Famous DR Congo reserve in jeopardy due to deforestation as refugees pour in

In this area of the Virunga National Park, where tens of thousands of Congolese have fled hostilities between rebels and the military, more than 200 hectares (500 acres) of forest have been reduced to stumps in less than two months.

In order to survive, many have turned to felling trees for fuel and charcoal, frequently paying militia groups a charge to get entry to Africa’s oldest national park, which is home to amazing wildlife species like mountain gorillas.
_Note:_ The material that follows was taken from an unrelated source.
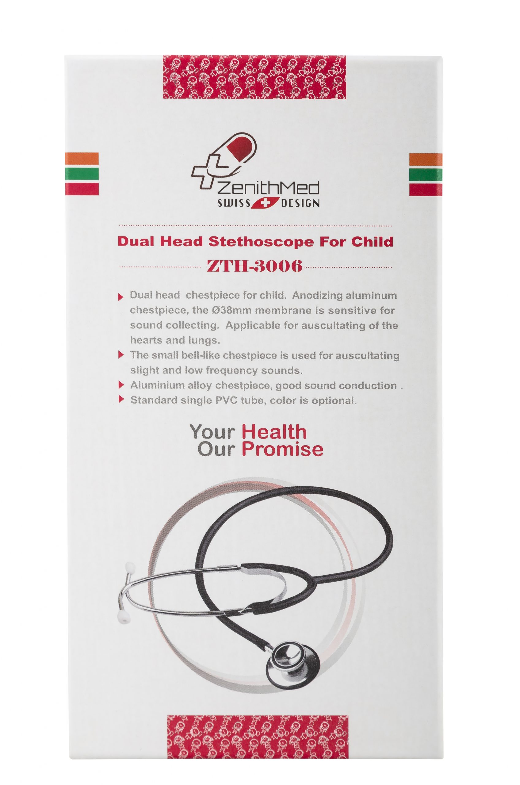 در گوشی پزشکی اطفال زنیت مد مدل 3006 جهت رسانایی بهتر صدا از پاویون آلومینیومی استفاده شده است تا صدا با قدرت بیشتری به گوش پزشک برسد .

“We’ve got deforestation in the Nyiragongo volcano zone since the arrival of the displaced; it’s quite concerning,” park official Methode Uhoze said.

The new arrivals were forced from homes farther north by the advancing M23 militia, which resumed fighting in November 2021 after accusing the Congolese government of failing to honour an agreement to incorporate its fighters into the army.

Fabrice, 15, said he fled fighting in his village of Rugari, around 30 kilometres (20 miles) north of the provincial capital of Goma, along the border with Rwanda.

He leaves each morning for the park to make the charcoal, called “makala,” which he then sells with two brothers on the side of a road.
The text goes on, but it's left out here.